Sunday, December 4, 2011

Sunday Morning

On Sunday mornings when I was little, my dad always read the comics pages to me. We'd laugh at Garfield, wonder what would happen next with Spiderman and puzzle over Zippy (I still don't understand Zippy). I would always pour myself a bowl of Berry Berry Kix for breakfast, then I would sit and listen to my dad read the bubbles over the character's heads. By the time I turned back to my cereal, it was a big pink and purple mush that I wouldn't want to eat. After a while, my mom started refusing to buy Berry Berry Kix.

When I discovered that the newspaper published black and white comics during the week, I was thrilled. I got to spread the weekend joy out to every day! Before leaving for middle school in the mornings, I'd read the comics while my dad read the front page and business news. When I got to high school and found it impossible to get up in time to do more than shovel a bowl of cereal (not Berry Berry Kix, sadly) into my mouth before leaving in the morning, I would read the comics when I got home in the afternoon. I had an order I'd read them in, skipping over the ones I didn't understand (I gave up on Zippy) and saving Fox Trot for last.

When my siblings left for college my mom wrote them letters every week, and she did the same for me when I went to Michigan. I checked my mailbox regularly that first week, knowing that eventually I'd get my first letter at college.
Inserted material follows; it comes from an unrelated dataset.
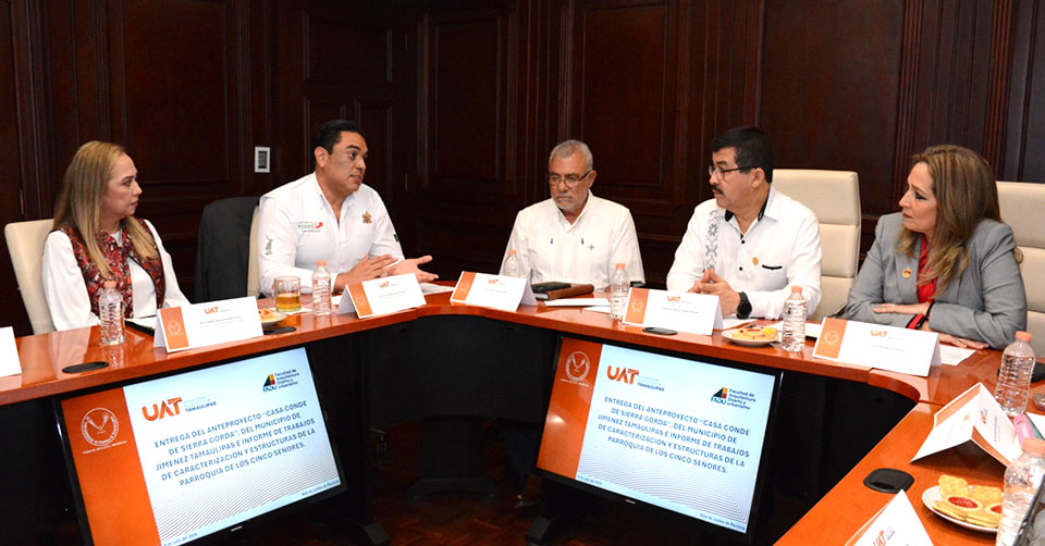 La presentación y entrega de este planteamiento universitario se llevó a cabo en la reunión que presidió el rector de la UAT, MVZ Dámaso Anaya Alvarado, con el Ing. Pedro Cepeda Anaya, secretario de Obras Públicas del Gobierno de Tamaulipas, y el Ing. Luis Enrique Salazar Sánchez, presidente municipal de Jiménez.

When I finally got mail, I was surprised to see that not only did I have a letter from my mom, but there was a second thick envelope. When I opened it, I found the Sunday comics from the weekend before. For my entire first year (until I started feeling guilty about the cost of postage) my mom sent me the comics every week I was at school.  She'd still stick them into care packages or boxes of necessities she'd ship me in the next three years.
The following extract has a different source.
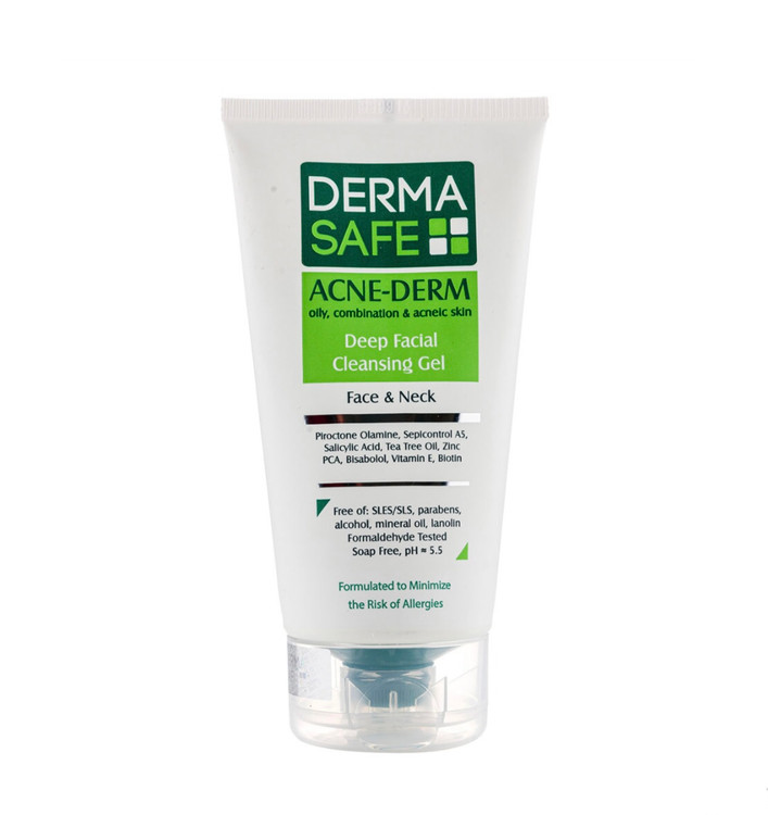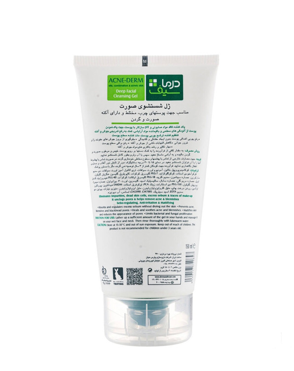 ژل شستشوی صورت و گردن مناسب پوست های چرب مختلط و دارای آکنه 150میل درما سیف

 When I'm home for a weekend these days, my parents set aside the comics for when I manage to drag myself out of bed. They've changed over the years, adding new strips and getting rid of others. Instead of reading the comics together, we've started working together on the Globe Magazine crossword.  Some days we finish over breakfast, but most days we let it sit on the table throughout the day and add words as we figure them out.  It's a new routine, and so far no bowls of Kix have been wasted.